Building a Powerful Document Search Engine: Leveraging HDFS, Apache Tika, SFTP, NiFi, Mongo, Elasticsearch, Logstash, Fast Api, React js
Our project is built on a foundation of critical components, each contributing to an efficient and robust data processing system. Here's an overview of the key elements: Our project is a testament to this need, offering a comprehensive solution that combines modern technologies and architectures to create a powerful document search engine. This engine is not just a tool but a sophisticated ecosystem designed to handle complex data processing and retrieval tasks.
This project is based on the original project: Document Search Engine Architecture.
Our system incorporates a 3-datanode HDFS cluster, specifically designed for the storage of original files awaiting processing. This arrangement guarantees both dependable data storage and easy access.
Our solution leverages two distinct Apache Tika servers to streamline content extraction. One of these servers is enhanced with OCR capabilities, enabling us to extract text from images and scanned PDF documents, thus expanding our processing capabilities.
The SFTP Server marks the beginning of our ETL process. It serves as the gateway where a microservice deposits files into a communal directory. These files are then consistently monitored and processed by a specialized NiFi processor.
Central to our system is the NiFi ETL process. It efficiently transports files to the HDFS directory, determines their MIME type, and executes HTTP requests to the relevant Apache Tika server for the extraction of metadata and textual content. This extracted information is then preserved in a MongoDB collection, and updates on the process state are sent to Kafka.
We employ a Logstash pipeline to synchronize our data with Elasticsearch, thereby augmenting our search capabilities. This integration is crucial as MongoDB does not inherently provide extensive search features.
For the purpose of data exploration and visualization, we utilize Kibana. This tool offers an intuitive interface for the analysis and interpretation of indexed data.

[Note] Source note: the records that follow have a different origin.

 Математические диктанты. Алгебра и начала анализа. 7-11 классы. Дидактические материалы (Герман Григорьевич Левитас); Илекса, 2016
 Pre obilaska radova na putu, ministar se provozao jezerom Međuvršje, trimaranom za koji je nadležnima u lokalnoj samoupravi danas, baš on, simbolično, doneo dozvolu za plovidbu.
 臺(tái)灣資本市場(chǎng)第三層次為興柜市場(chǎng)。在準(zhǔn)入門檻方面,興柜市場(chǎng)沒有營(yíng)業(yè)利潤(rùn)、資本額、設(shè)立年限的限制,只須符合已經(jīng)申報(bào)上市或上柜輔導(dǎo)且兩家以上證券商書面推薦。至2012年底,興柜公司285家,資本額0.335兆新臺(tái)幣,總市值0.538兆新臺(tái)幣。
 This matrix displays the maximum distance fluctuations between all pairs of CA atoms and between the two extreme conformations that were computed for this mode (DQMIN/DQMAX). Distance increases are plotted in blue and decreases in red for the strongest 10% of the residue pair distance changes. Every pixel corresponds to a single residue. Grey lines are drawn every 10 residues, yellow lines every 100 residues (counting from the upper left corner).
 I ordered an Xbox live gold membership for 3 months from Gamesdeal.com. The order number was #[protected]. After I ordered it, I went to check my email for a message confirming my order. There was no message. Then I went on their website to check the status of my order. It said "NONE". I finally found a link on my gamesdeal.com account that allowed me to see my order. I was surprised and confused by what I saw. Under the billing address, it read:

To enhance the power and flexibility of our document search engine, we've established a Fast API connection to Elasticsearch. This integration is a key part of our architecture, enabling swift and sophisticated search queries across the indexed data.

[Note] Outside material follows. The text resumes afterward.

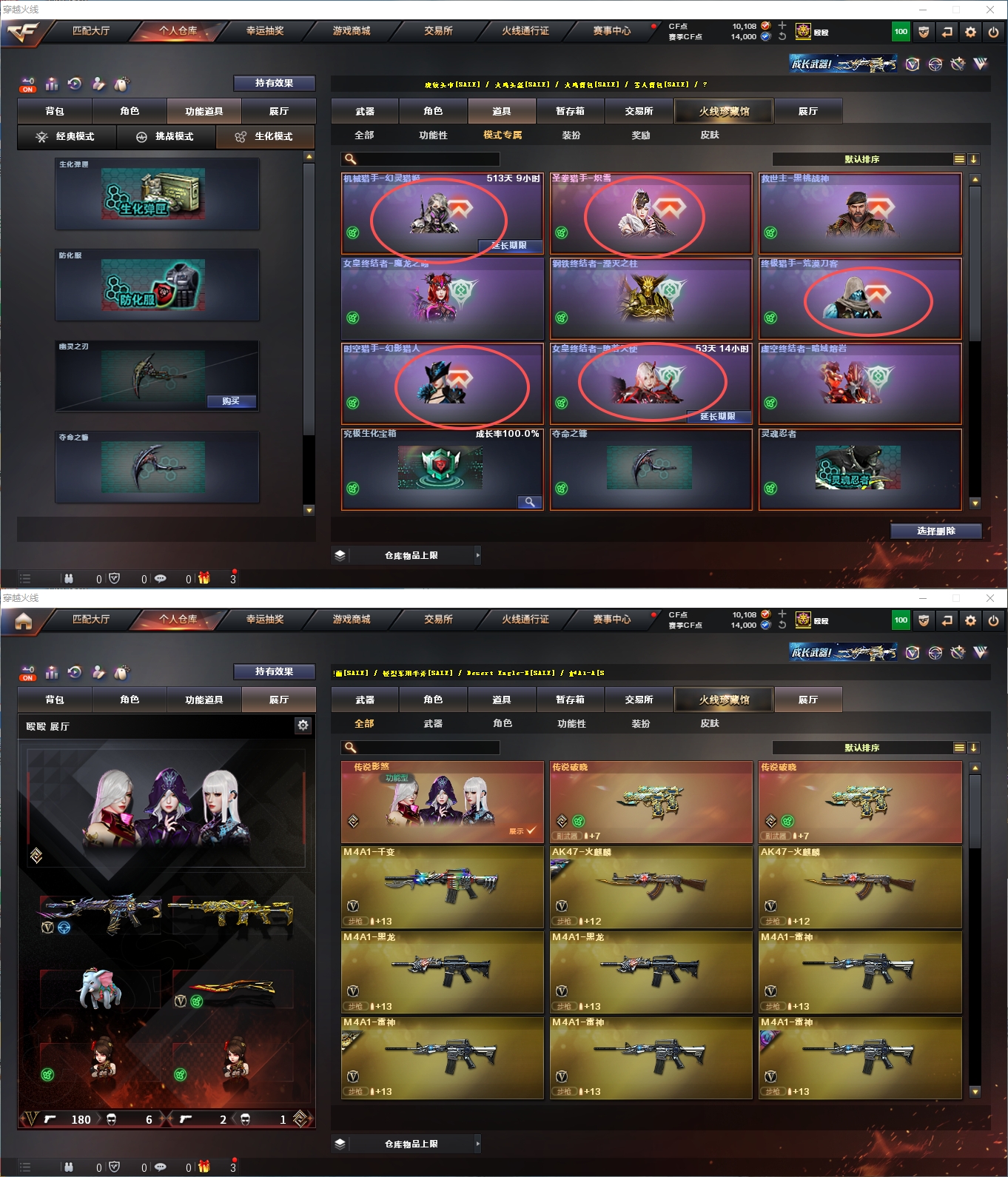 喜欢的老板可以点收藏;USP-雷暴,炽芒蝶刃,沙漠玫瑰,传说影煞,RPK-盘龙,QBZ03-金色蔷薇,炼狱-泡泡象,
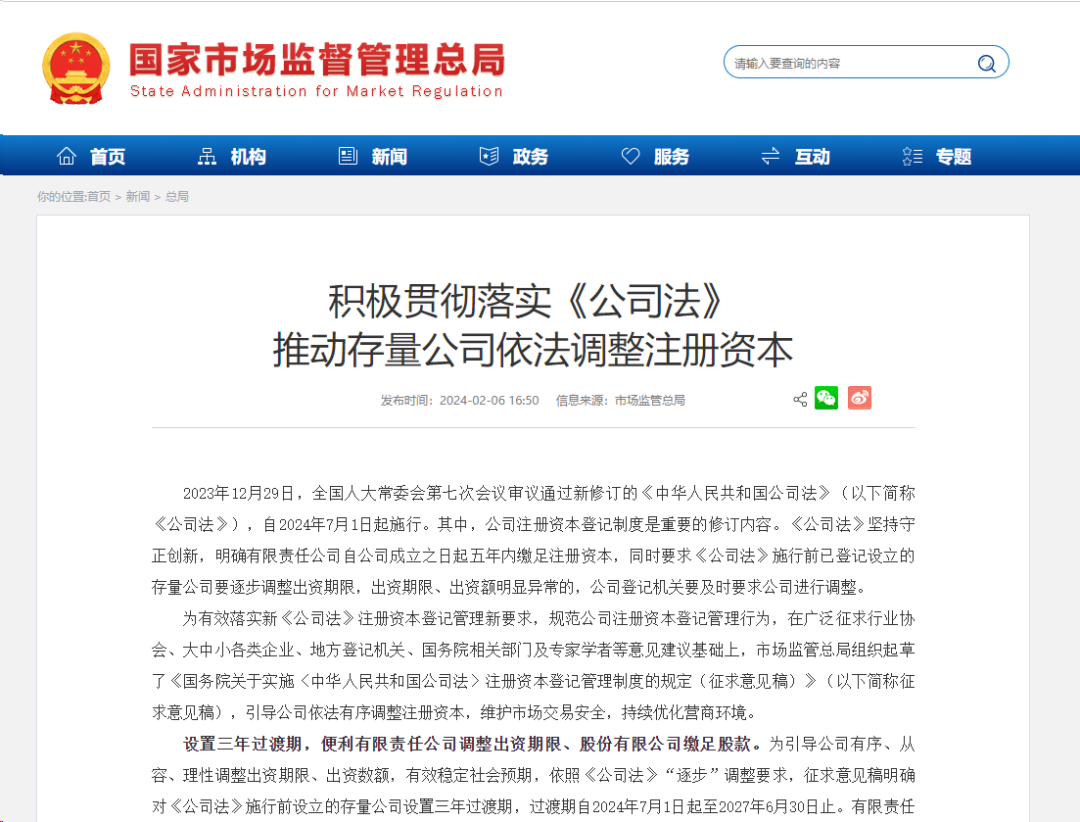 2023年(nian)(nian)(nian)12月(yue)29日(ri),全(quan)國人大常委會第七(qi)次會議審(shen)議通(tong)過新(xin)修訂(ding)的(de)《中(zhong)華人民共和(he)國公(gong)司(si)法(fa)》(以下簡稱《公(gong)司(si)法(fa)》),自2024年(nian)(nian)(nian)7月(yue)1日(ri)起(qi)施行。其中(zhong),公(gong)司(si)注(zhu)冊(ce)資(zi)本登(deng)記制度是重要(yao)(yao)的(de)修訂(ding)內容(rong)。《公(gong)司(si)法(fa)》堅(jian)持守正創新(xin),明(ming)確有限責(ze)任公(gong)司(si)自公(gong)司(si)成立(li)之日(ri)起(qi)五(wu)年(nian)(nian)(nian)內繳(jiao)足(zu)注(zhu)冊(ce)資(zi)本,同(tong)時(shi)要(yao)(yao)求《公(gong)司(si)法(fa)》施行前已登(deng)記設(she)立(li)的(de)存(cun)量公(gong)司(si)要(yao)(yao)逐步(bu)調整出(chu)資(zi)期限,出(chu)資(zi)期限、出(chu)資(zi)額明(ming)顯異常的(de),公(gong)司(si)登(deng)記機關要(yao)(yao)及時(shi)要(yao)(yao)求公(gong)司(si)進行調整。

FastAPI, known for its high performance and ease of use, provides an optimal framework for building APIs. It facilitates the creation of robust, efficient endpoints that interact seamlessly with Elasticsearch. This means our system can handle complex search operations, offering features like full-text search, real-time indexing, and analytics capabilities.
This connection not only speeds up the data retrieval process but also allows for the implementation of advanced search functionalities. Users can perform detailed queries, benefiting from Elasticsearch's powerful search and analytics engine, directly through the Fast API endpoints. This setup makes it easier to query and retrieve documents based on a wide range of criteria, enhancing the overall user experience in our document search engine system.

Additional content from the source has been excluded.